Now if you’re from Connecticut, stay tuned. In Connecticut, legend has it that state laws require that a pickle must bounce to legally be called a pickle. While the Connecticut State Library found that there are no laws that specifically state this, there are regulations in place that were started after a pair of pickle packers, Sidney Sparer and Moses Dexler, were arrested in 1948 for selling pickles that were “unfit for human consumption.”

After their arrest, Food and Drug Commissioner Frederick Holcomb told reporters that the best way to check for good pickles is too see if they bounce when dropped. Afterward, the state’s pickle-bouncing regulation went into effect. Fortunately, I’ve eaten all my pickles so I couldn’t try the bouncing test.  But the next time you buy pickles you’ll know how to be sure they’re good.

After all this higher education I decided I needed a cup of tea.  I don’t like tea.  Black or green?  It looks the same in the cup and to me tastes the same.

I like English novels and the English characters in them seem to think a cup of tea will solve all problems.“Your house burned down?”  “Come in and have a cup of tea, you’ll feel better.”  “Your husband left you?”  “Oh, you poor dear, you need a cup of tea.”  “The vicar’s teenage daughter is pregnant?”  “Have a cup of tea that will solve it.”

I might explain: the self-quarantine was because I was a “secondary exposure”.  That means I was exposed to someone who was exposed to someone with Covid.

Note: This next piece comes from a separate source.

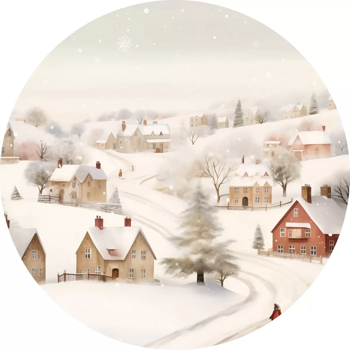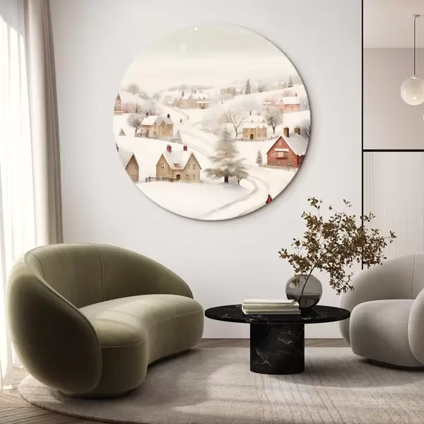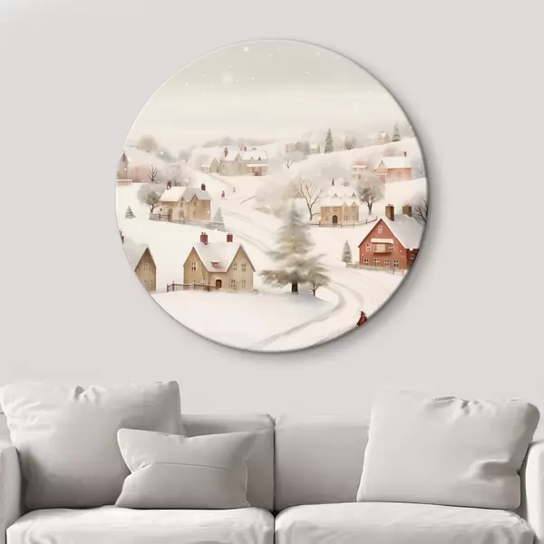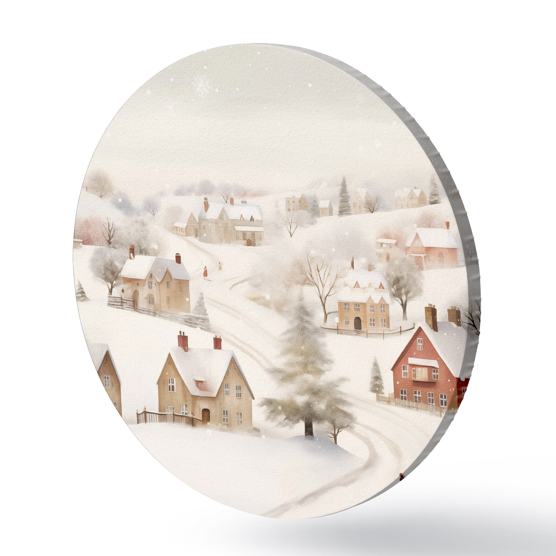 Runde Gemälde Winterdorf, Aquarell, Schneeflocken, weiche Farben, Bäume, Landschaft r41381

According to everything I find, secondary exposures do not need to be Covid tested.  Since I didn’t want to miss out on anything exciting I went to be tested.  My doctor’s office wouldn‘t test asymptomatic but they suggested Rite Aide drug store.  There I basically did a self-test while in my car.  I was told to put the cotton applicator “mid-way- up my nose, twirl it twice and hold it there for 15 seconds.”  Five days after exposure is the recommended time to be tested. My test was negative, which means “I ain’t got it.” All the tests can tell you is that at the moment of the test you don’t have the disease.

One last item I gleaned from NBC news,” Covid could kill as many Americans THIS WINTER as the Germans and the Japanese did during WWII.” Now that’s food for thought! And that’s a mighty sour pickle and pretty hard to swallow!